A ujourd’hui, nous constatons de

réels retours en arrière contre

lesquels nous devons lutter avec

force. Avec la crise, les avancées obtenues

grâce à la loi de 2005 sont menacées. Tout est

prétexte à les remettre en question. Les Conseils

généraux rognent de tous les côtés. La question

du financement de la compensation est

tellement explosive qu’elle a été écartée de la

dernière Conférence Nationale du Handicap…
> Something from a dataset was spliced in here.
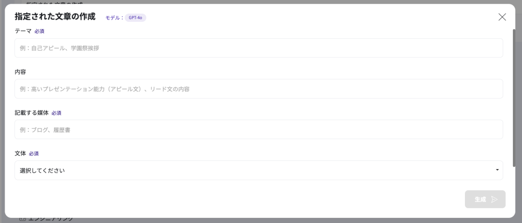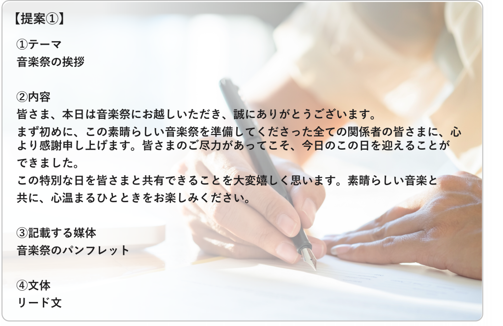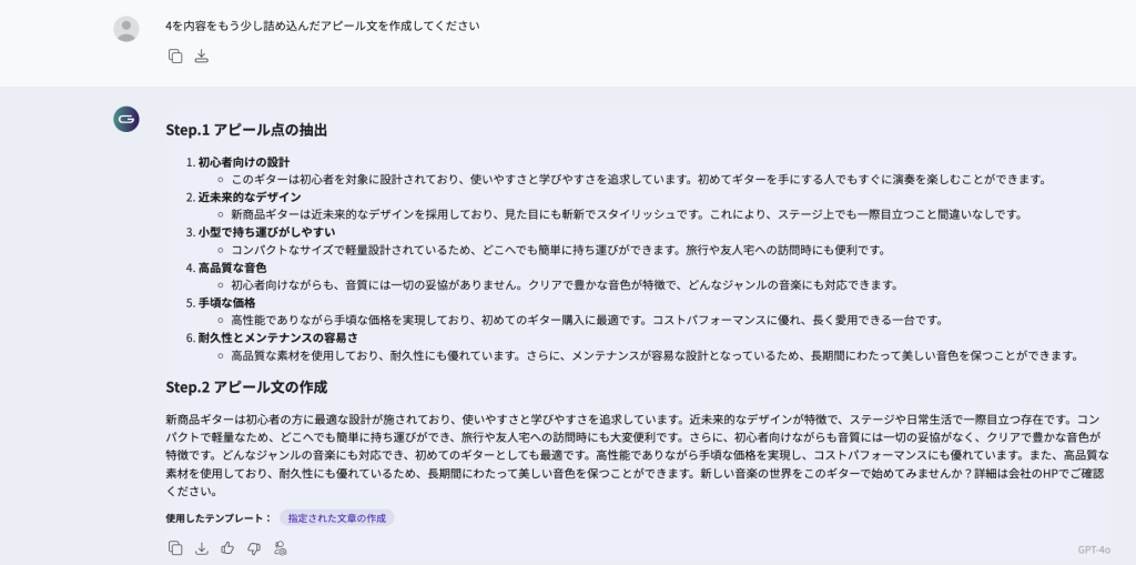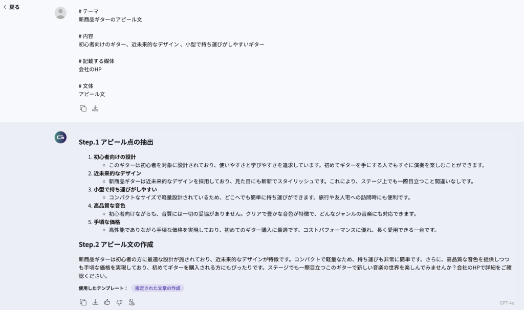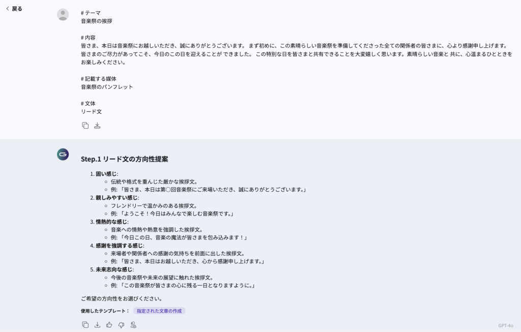 「指定された文章の作成」テンプレートでは、指定したテーマや内容に沿った形で「リード文」もしくは「アピール文」を提案してくれます。

M ais le principal retour en

arrière est celui de la mise en

accessibilité de notre société.

Aux retards accumulés depuis 10 ans, s’ajoutent

aujourd’hui non seulement le renoncement

aux objectifs de la loi 2005 mais aussi certaines

aggravations par rapport à la situation

antérieure. Alors que nos enfants peuvent,

malgré les difficultés, accéder à l’école de

la République, être formés, avoir un emploi,

pour autant, ils ne peuvent pas, comme tout

le monde, se rendre au cinéma, au restaurant,

dans une boulangerie, dans nos musées ou

tout simplement aller chez le médecin. Il faut

le réaffirmer : la participation à la vie sociale

n’est pas optionnelle ! Elle est constitutive de

la citoyenneté au même titre que le droit à

compensation, le droit à la scolarité, à la

formation et à l’emploi !

D ix ans après la loi de 2005, le combat

continue. Nous nous battrons pour

que les personnes en situation de

handicap restent au cœur des dispositifs,

dans le cadre d’une approche globale de la

personne. Nous continuerons à marteler que

chaque projet de vie doit être pris en compte

dans sa globalité. Nous nous battrons pour

continuer à faire progresser notre société. Pour

que la devise inscrite au fronton de nos mairies

soit une réalité pour tous les citoyens de ce pays.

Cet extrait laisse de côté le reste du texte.